Norway’s powerful farmers’ lobby is being accused of favouring their business interests over good nutrition, after farmer-friendly officials in the state agriculture ministry objected to new state recommendations to limit consumption of red meat and milk.
A national council on nutrition has drafted new guidelines aimed at preventing sickness and nurturing good health. It recommends against eating more than two dinners of red meat per week, and it consciously omits any recommendation to drink milk.

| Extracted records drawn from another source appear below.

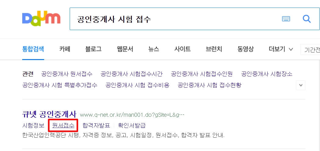1. 다음 검색창에 "공인중개사 시험접수" 검색을 합니다.
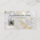 Tarjeta De Visita Tijera de código QR de mármol de oro blanco elegan
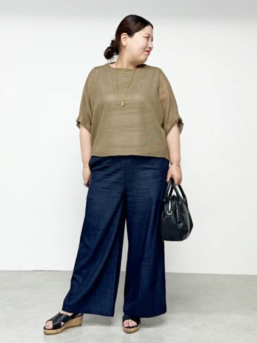 【トップス】 タンクトップ付きなので1枚でもかわいい! 別々にも着れるから、インナーの色をかえたり、 ワンピを重ね着してもかわいいです。 二の腕はドルマンスリーブで、肘まで隠れるのが嬉しい! インナーは私が着るとぴったりしてました。 ニットはゆったりしてます。 【パンツ】2サイズ着用 カジュアルにもキレイめにも着こなせる万能パンツです。 これからの季節ぴったり! 体型もカバーしてくれる優れもの!!! ウエストがリブとゴムなので楽ちん! 生地が柔らかく足のライン気にせず履けるのが好き。 【サンダル】 普段24センチ〜24,5センチを履いてます。 Lサイズ愛用中です。 甲高、幅広ですが、クロス部分が柔らかく キツくないので、とても履きやすいです。 適度なウェッジソールなのでスタイルアップしますよ! ウェッジソールが安定感あるので、ヒールが苦手な方もチャレンジしやすいです。
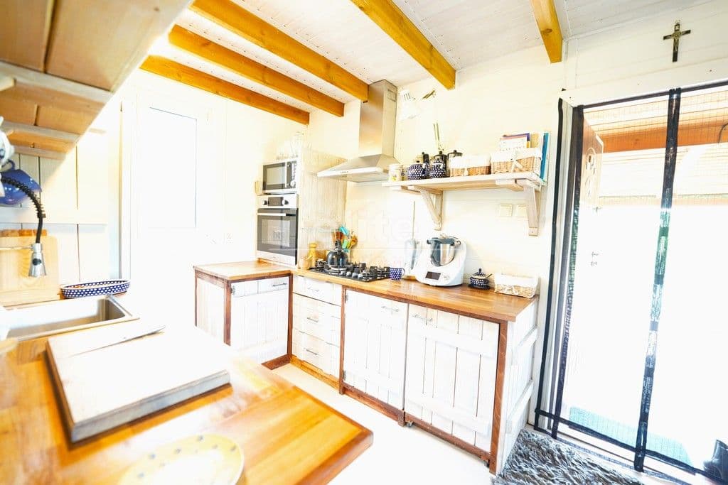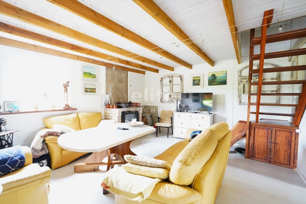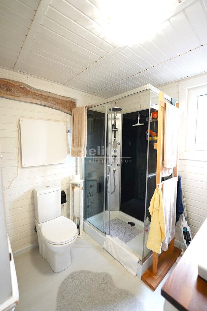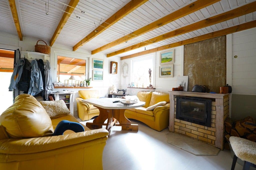 Budynek ogrzewany jest kominkiem zasilanym drewnem.

With meat and milk among Norwegian farmers’ biggest products, the council’s advice has provoked pro-farmer political leaders in the agriculture ministry. They’re rejecting the report, suggesting the nutrition experts don’t know what they talking about.
“We don’t think the proposal to only eat a maximum of 500 grams of red meat a week is properly documented,” State Secretary Ola T Heggem of the agriculture ministry told newspaper Aftenposten. Heggem hails from the small but powerful Center Party, part of Norway’s current left-center government with farmers making up much of its constituency.
The nutrition experts, including Dr Christian Drevon, a professor at the University of Oslo’s medical school faculty, point to a connection between high consumption of red meat and colon cancer. Drevon and his colleagues recommend far more vegetables, fruit, berries and fish in the Norwegian diet, and less red meat, salt and sugar.
Heggem won’t accept the medical and nutrition experts’ conclusions, he wants more emphasis put on “the positive aspects of eating meat and dairy products, for example proteins and calcium,” and he wants to remove a chapter dealing with the environmentally damaging aspects of meat production.
“That shows an audacity that’s just incredible,” Drevon told Aftenposten. He noted how the government, and the Center Party in particular, otherwise try to present themselves as environmentally conscious.
Drevon claims the farming interests in Norway have far too much power already, through their large government subsidies, price regulation and the protectionist policies they have won.
Svein Flåtten of the Conservative Party seems to agree. “I think it’s amazing that the agriculture ministry contradicts a group of experts giving qualified advice,” Flåtten told Aftenposten. He calls their objections a “political play” that he intends to challenge.